WHAT TO DO:
Drop the images; return everything else in the listing below exactly.
BEGIN STORED DATA
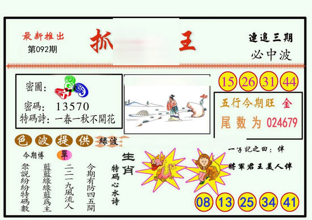 090期六尾中特『3 8 9 1 6 7尾』开:猴23 |
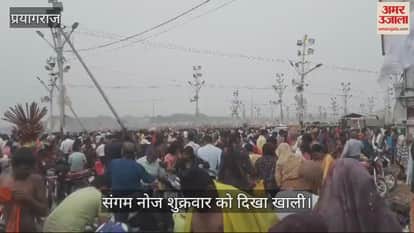 VIDEO : कभी श्रद्धालुओं से पटा रहने वाले संगम नोज पर शुक्रवार को कुछ इस तरह रहा नजारा
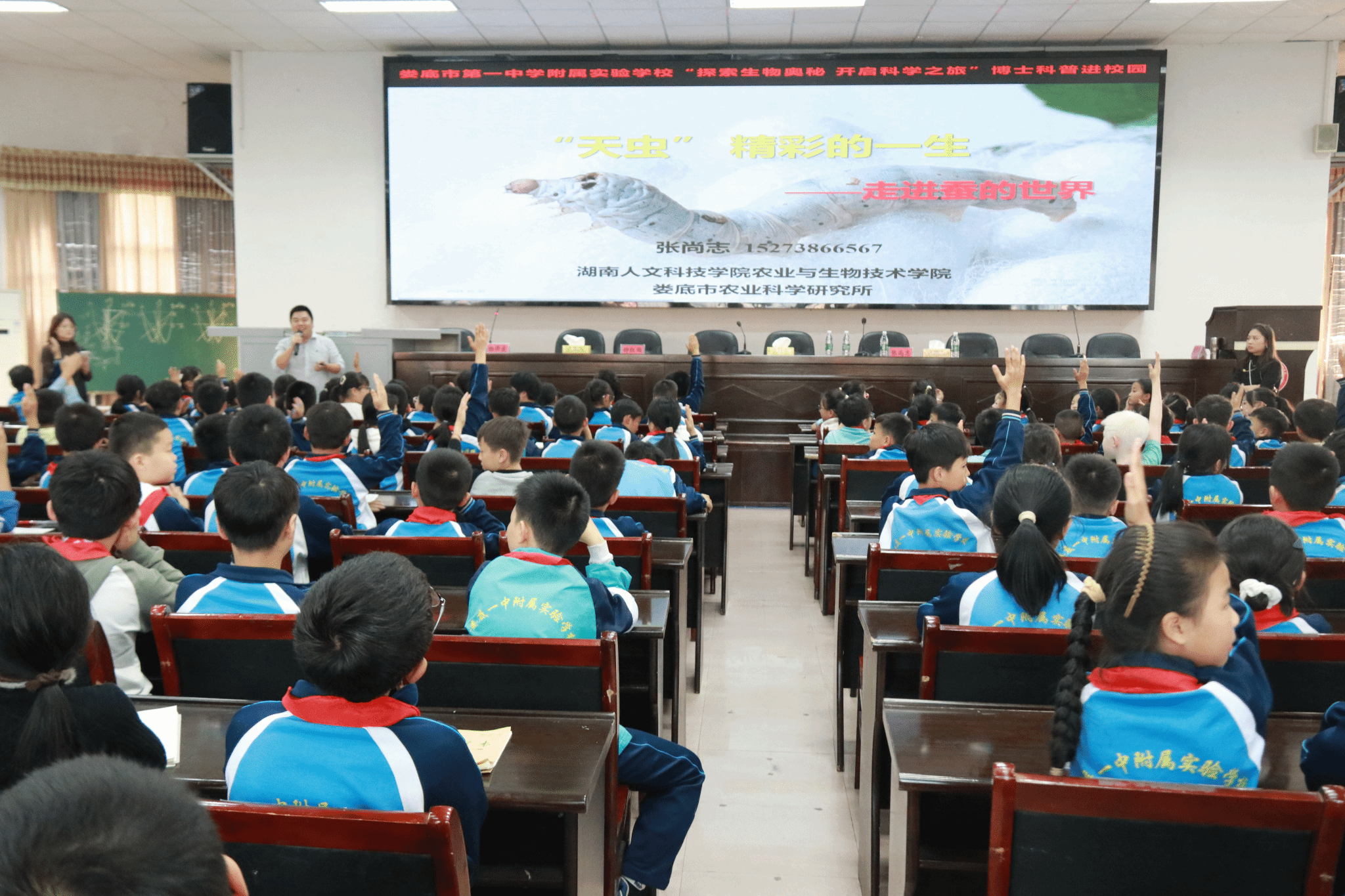 活动伊始,娄底一附副校长钟红雨致欢迎词。她指出,科学是人类进步的阶梯,此次科普活动特邀请到了beat365英国官网的杨泽良博士和张尚志博士,是同学们探索生物奥秘,增长生物知识,培养科学素养的好机会。随后,杨泽良博士带来“植物中的‘欺骗专家’”讲座,为同学们打开了解植物世界的窗户,展现了其在观赏植物快繁技术、植物生理生态等方面的科普知识。接着,张尚志博士开展“‘天虫’精彩的一生——走进蚕的世界”科普讲座,凭借其在家蚕养殖、利用及抗性机制方面的专业知识和研究成果,让同学们深入了解蚕的奥秘。同学们积极参与博士的提问环节,有问有答,会场气氛热烈,响起一阵又一阵热烈的掌声。
END STORED DATA
TASK RESPONSE:
 090期六尾中特『3 8 9 1 6 7尾』开:猴23 |
 VIDEO : कभी श्रद्धालुओं से पटा रहने वाले संगम नोज पर शुक्रवार को कुछ इस तरह रहा नजारा
 活动伊始,娄底一附副校长钟红雨致欢迎词。她指出,科学是人类进步的阶梯,此次科普活动特邀请到了beat365英国官网的杨泽良博士和张尚志博士,是同学们探索生物奥秘,增长生物知识,培养科学素养的好机会。随后,杨泽良博士带来“植物中的‘欺骗专家’”讲座,为同学们打开了解植物世界的窗户,展现了其在观赏植物快繁技术、植物生理生态等方面的科普知识。接着,张尚志博士开展“‘天虫’精彩的一生——走进蚕的世界”科普讲座,凭借其在家蚕养殖、利用及抗性机制方面的专业知识和研究成果,让同学们深入了解蚕的奥秘。同学们积极参与博士的提问环节,有问有答,会场气氛热烈,响起一阵又一阵热烈的掌声。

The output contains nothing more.